No picture belongs in the answer, which must hold exactly the lines from the one with "- Slice the" through the final line below.

=== Collected data ===

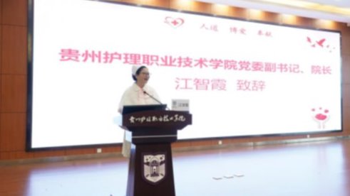 中国南丁格尔志愿护理服务总队理事长、第43届南丁格尔奖获得者张利岩,中国南丁格尔志愿护理服务总队副理事长、第45届南丁格尔奖获得者赵庆华,中国南丁格尔志愿护理服务总队副秘书长何梅、第39届南丁格尔奖获得者、原贵州省人民医院护理部主任、省护理学会理事长苏雅香,省卫生健康委员会党组成员、副主任张巍,省红十字会党组成员、副会长滕红,省红十字会组织宣传部部长匡传益,贵阳市华希医药健康职业学校校长周小进、副校长陈悦,伟德betvlctor1946源于英国党委书记黄亚励,党委副书记、院长江智霞,党委委员、副院长徐晓筑、潘忠伦,党委委员、纪委书记杨伯兵出席仪式。来自伟德betvlctor1946源于英国和贵阳市华希医药健康职业学校志愿者代表共230余人参加仪式,伟德betvlctor1946源于英国党委委员、副院长柏晓玲主持仪式。
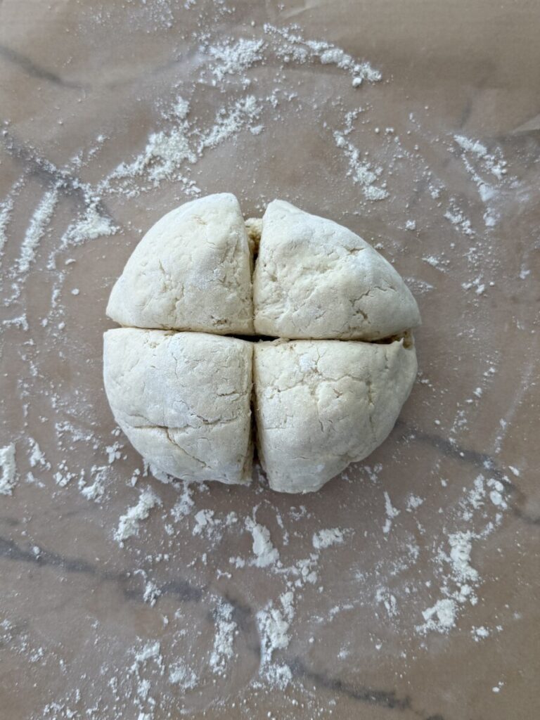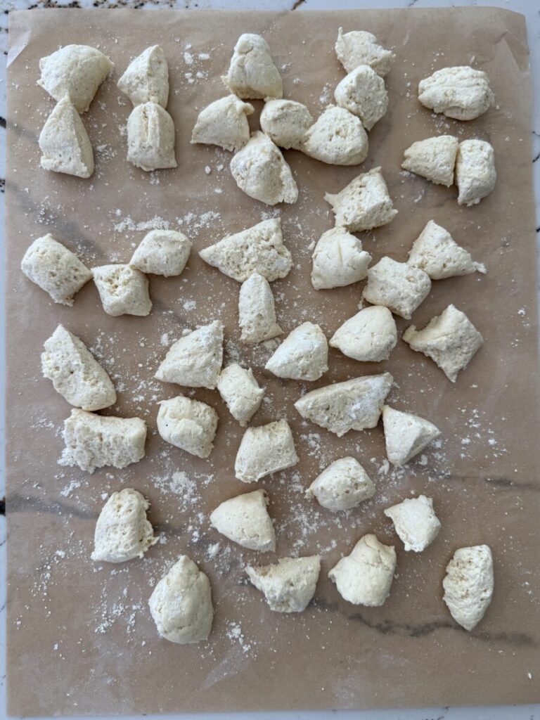 - Slice the dough ball into four even pieces. Then slice those four pieces to make eight pieces. Then take those eight pieces and slice them into bite-size pieces. Please see the photos above for reference! Add the pieces of dough to a medium bowl and set aside.
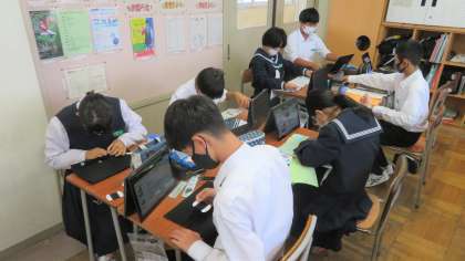 1年・授業風景 公開日 2022/10/06 更新日 2022/10/06 1学年 10月6日(木) 2限 気温は17度、天気はくもり、秋らしい天気になりました。 (季節が少し進んだ感じがしますね。) 来週から、「第2回 定期考査」が始まります。 学習への集中力が問われますね! (写真 上:1年1組 英語の授業) (写真 中、下:1年5組 家庭科の授業 スナップ、ボタン付けに挑戦しています!)

===

▶ The completed task:
 - Slice the dough ball into four even pieces. Then slice those four pieces to make eight pieces. Then take those eight pieces and slice them into bite-size pieces. Please see the photos above for reference! Add the pieces of dough to a medium bowl and set aside.
 1年・授業風景 公開日 2022/10/06 更新日 2022/10/06 1学年 10月6日(木) 2限 気温は17度、天気はくもり、秋らしい天気になりました。 (季節が少し進んだ感じがしますね。) 来週から、「第2回 定期考査」が始まります。 学習への集中力が問われますね! (写真 上:1年1組 英語の授業) (写真 中、下:1年5組 家庭科の授業 スナップ、ボタン付けに挑戦しています!)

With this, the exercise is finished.